It’s a familiar headline, oft-repeated during the effort to legitimize the use of ‘psychedelic’ drugs in therapy. This time it’s ketamine, but LSD, ayahuasca, MDMA, mescaline, and ‘magic mushrooms’ have also been subject of favorable reviews.
Anyway, the answer depends on how we define cure.
Early in my student days I attended a Grand Rounds that featured a discussion on this subject involving a psychiatric resident and his Chief. Both were ex-debaters so I’m sure they could easily have argued either side. One maintained that once symptoms of addiction had been absent for an extended period, we should consider our patient ‘cured’. His opponent countered that since we lacked any way to ‘prove’ that addiction had actually been eliminated, and the risk of relapse remained prominent (general agreement on that point), it made more sense to consider the patient as in remission.

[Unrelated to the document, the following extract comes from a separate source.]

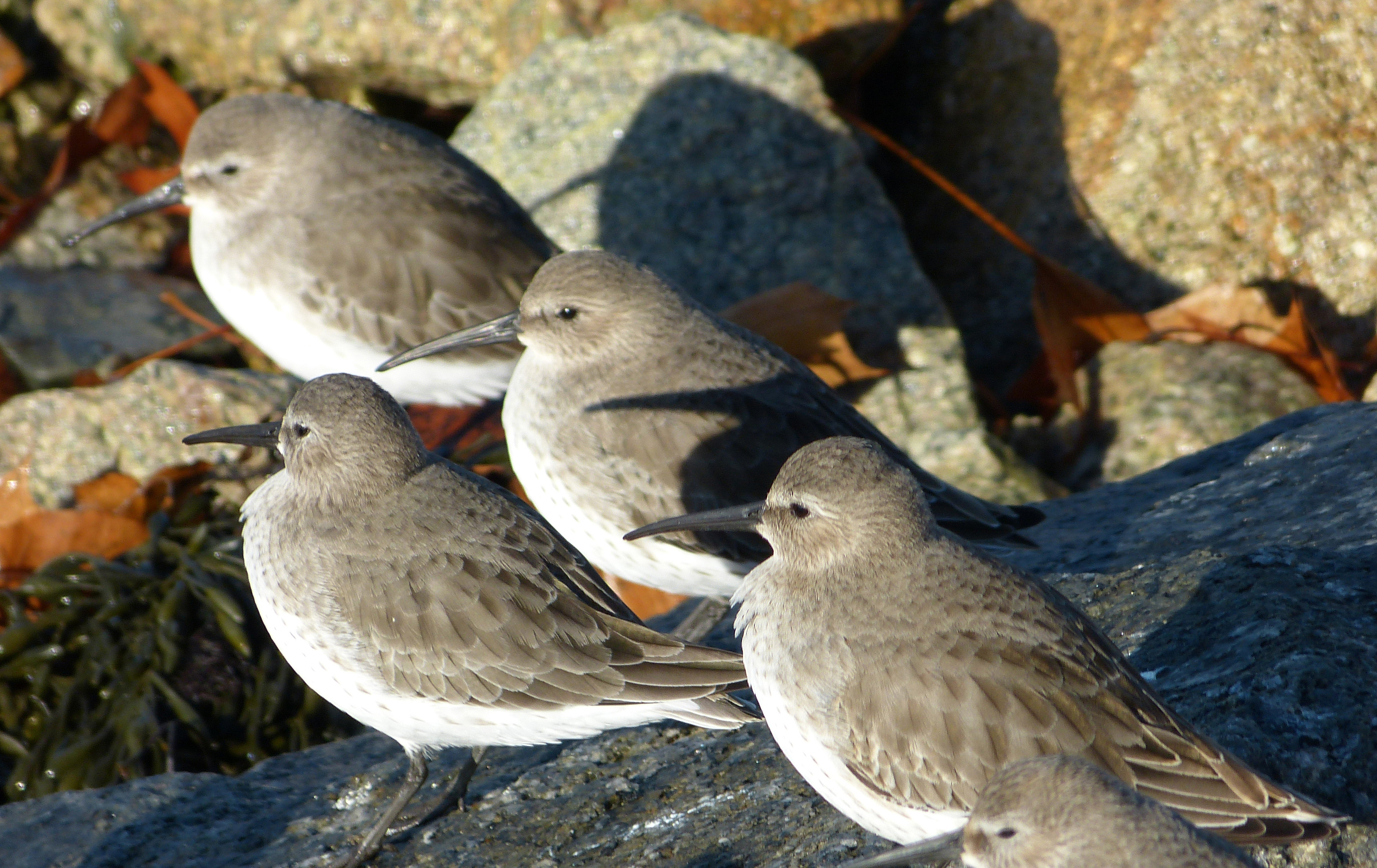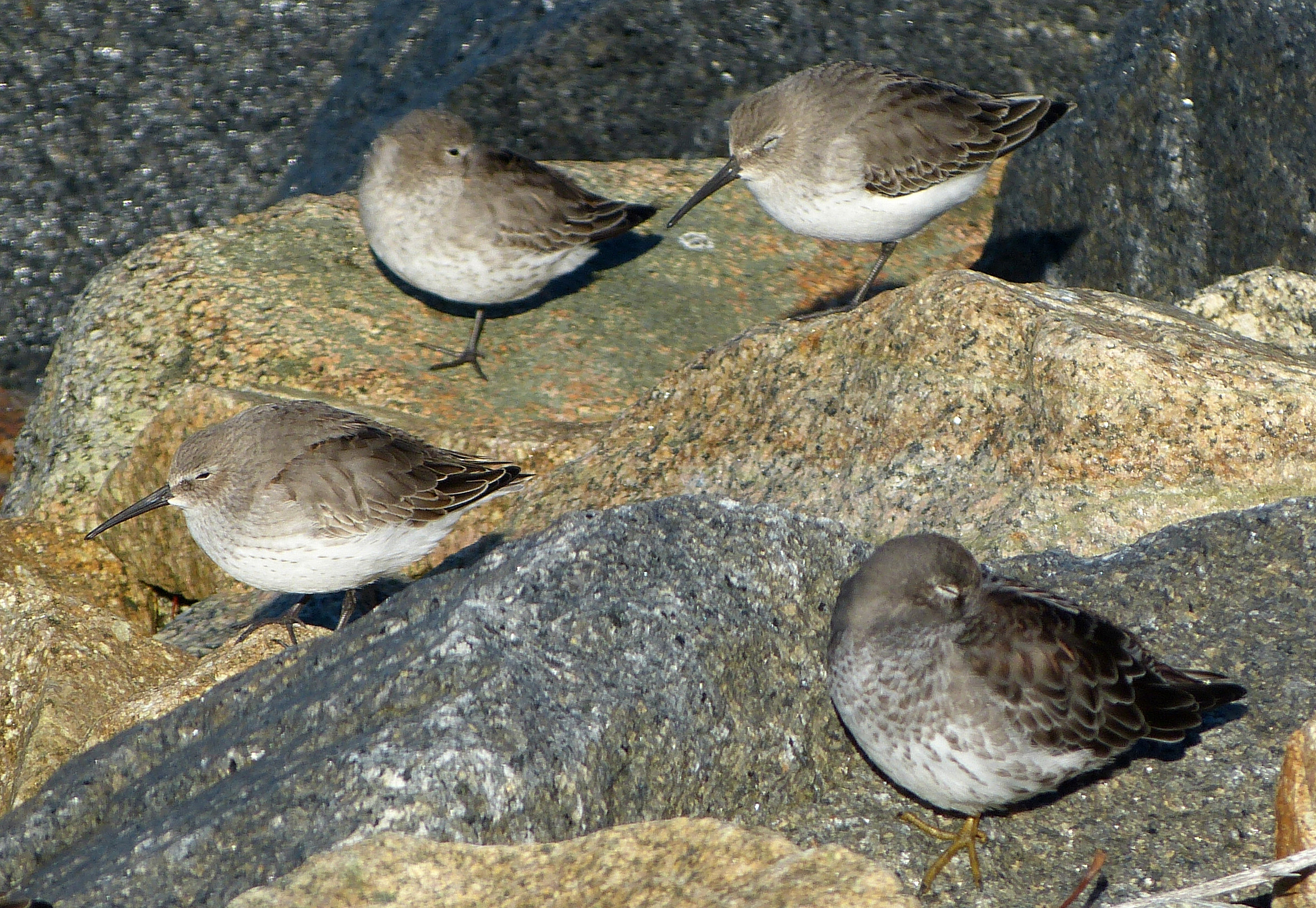 The difference in the color and thickness of the legs and feet and the darkness of the plumage is seen clearly in this shot of three Dunlins left and a Purple Sandpiper right

This in fact is how DSM5 handles it with its Substance Use Disorders (SUDs) category.
The remission model helped solve a few practical problems in treatment. For instance:
- The need to explain relapse. Patients who expect a ‘cure’ for their addiction may resume drinking or drug use once they’ve satisfied themselves that now, with a period of abstinence behind them, the problem may have gone away. Experience suggests this can lead to new and more serious consequences.
Take the case of a master goldsmith who went back to alcohol after 25 years of sobriety. Three months after he resumed drinking, he was admitted to the acute hospital for medical detoxification. As it happened, he had expected that a quarter-century of abstinence would put an end to his alcohol problem. He was surprised and disappointed to discover it had not. “I figured even if I was wrong, it would be a couple years before I needed help again,” he confessed. But he began bingeing after only a few weeks.
- It helps discourage further attempts to regain lost control. Many arrive in rehab with long histories of trying to ‘master’ their substance use through force of will and various control strategies. They’re in treatment because it hadn’t worked. That doesn’t mean they’ve given up, however. Once they feel better, it’s tempting to take one last shot at success. “This time things will be different,” they tell themselves.
- It motivates people to stick with a recovery program. If you believe you’re cured, why bother practicing a recovery program? “You don’t know me, mate,” someone will say to the counselor. “Once I make up my mind, it’s finished.” Famous last words. Ironically, family members can inadvertently reinforce this error by assuming that treatment has ‘fixed’ their loved one, once and for all. That’s referred to as the ‘washing machine’ model: “Goes in dirty, comes out clean.” If only, huh?
Relapsed patients can offer a host of reasons for the decision to return to substance use. A few examples:
- “I guess I just wanted to feel that high again.” We might compare this to the patient with bipolar disorder who longs to re-experience the euphoria of the manic phase — even knowing that depression will follow.
- “There was no real reason, it just sort of happened.” For some, the urge to get loaded is so deeply conditioned it’s a reflexive response to certain situations. Think: an airplane when the autopilot is in control.
- “Just seeing those people made me long for a drink.” Craving can be triggered by things strongly associated with past use — from bumping into the wrong person, to a particular sight or sound — anything that reminds one of the good feelings drugs can create, blotting out memories of the bad stuff.
- “I was sober but I still didn’t feel good.” Based on the misconception that once you’re off drugs or alcohol, life should be a breeze. It’s a big disappointment when it isn’t.
The disease-in-remission view just seemed to make the realities of their new lifestyle more palatable, and perhaps easier to accept.